Effective data management - a 12-step programme
According to Antionette van Zyl, senior solutions manager for data management at SAS, poor data governance can cause poor customer service, limited upsell/cross-sell opportunities, an inefficient supply chain, an inability to automate key processes, poor operational planning and execution and, perhaps most importantly, exposure to fraud and other risks.
She believes that any business looking to establish a data governance programme should follow these 12 steps:
- Obtain executive-level commitment to ensure data governance programmes support other strategic business objectives.
- Identify a small, well-defined project with limited scope and real data. Also identify key business users and subject-matter experts in both business and IT.
- Establish goals for the programme and draft a structure for both a business advisory group and a data governance committee.
- Identify individuals at business, IT and executive levels who will participate in the data governance committee and the business advisory group.
- Develop a comprehensive communications plan to determine the frequency and type of messages to assist with change management processes.
- Collect and document formal business requirements from users and key information stakeholders and obtain signoff from business.
- Build an organisation-wide data model (based on your requirements) that reflects relationships between data entities and allows for growth with any new requirements.

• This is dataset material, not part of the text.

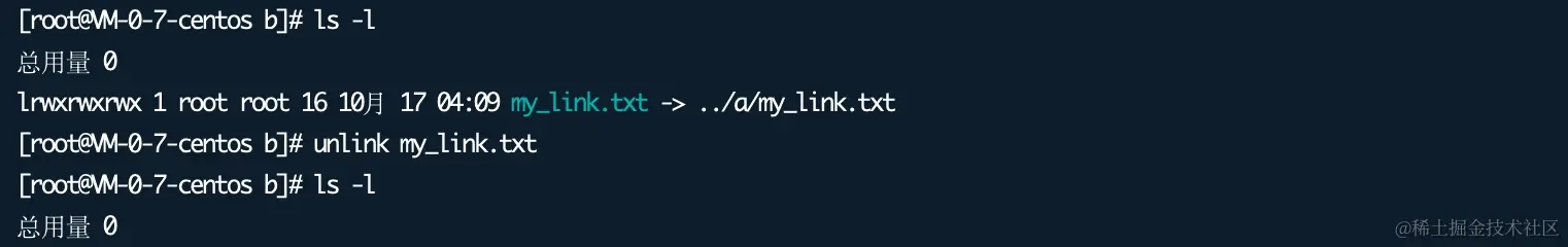 当然也可以使用 unlink 命令,但是不要直接使用软链接的名称,因为它不仅仅用于删除链接,还会删除文件。

- Ensure that security policies (for privacy, encryption and accessibility) are developed, documented and enforced.
- Establish any exception-handling rules and audit standards.
- Confirm your ability to execute; implementing decisions and policies means having the right capabilities in place.
- Provide results of activities to users to get feedback.
- Assess the successes and weaknesses of the pilot project and get the data governance committee to select (and prioritise) the next candidates for implementation.